Top of INFORMATION SHOWN

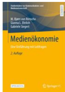
Medienökonomie Ladenpreis: 43,99EUR
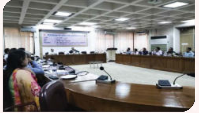
উদ্যোক্তাদের মূলধন সংগ্রহ বিষয়ক অংশীজন সভা
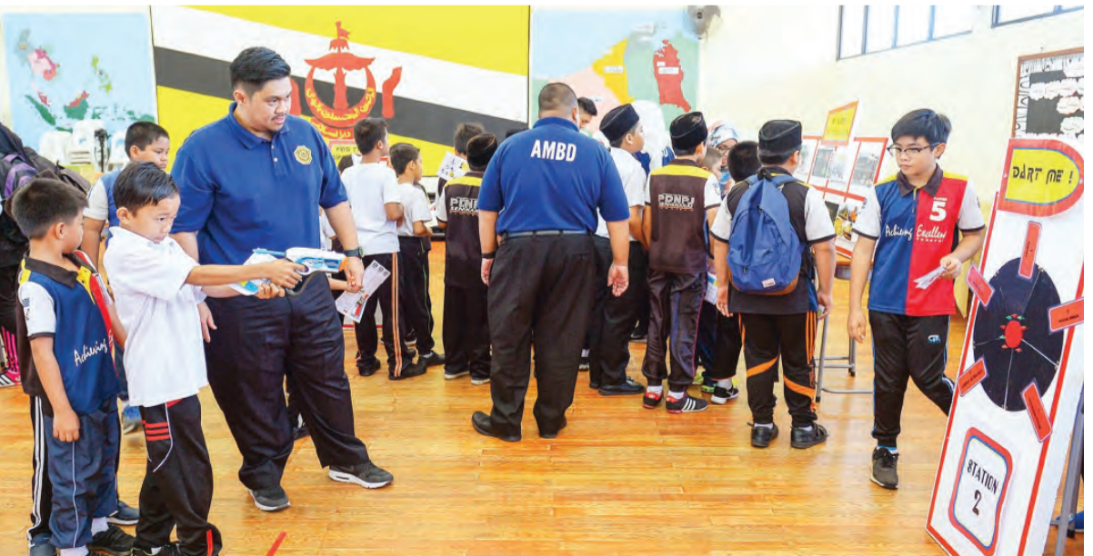
ANTARA murid dari Darjah Pra hingga Tahun 6 SRPDNPJS mengikuti permainan-permainan dan aktiviti-aktiviti interaktif yang bertemakan pengenalan mata wang dan pengurusan kewangan.

Bottom of INFORMATION SHOWN

## [TASK OBJECTIVE]
Only an exact copy of the lines from the one with "উদ্যোক্তাদের মূলধন সংগ্রহ বিষয়ক অংশীজন সভা" through the last line of the data above is wanted, and no pictures.

## [EXERCISE OUTPUT]
উদ্যোক্তাদের মূলধন সংগ্রহ বিষয়ক অংশীজন সভা
ANTARA murid dari Darjah Pra hingga Tahun 6 SRPDNPJS mengikuti permainan-permainan dan aktiviti-aktiviti interaktif yang bertemakan pengenalan mata wang dan pengurusan kewangan.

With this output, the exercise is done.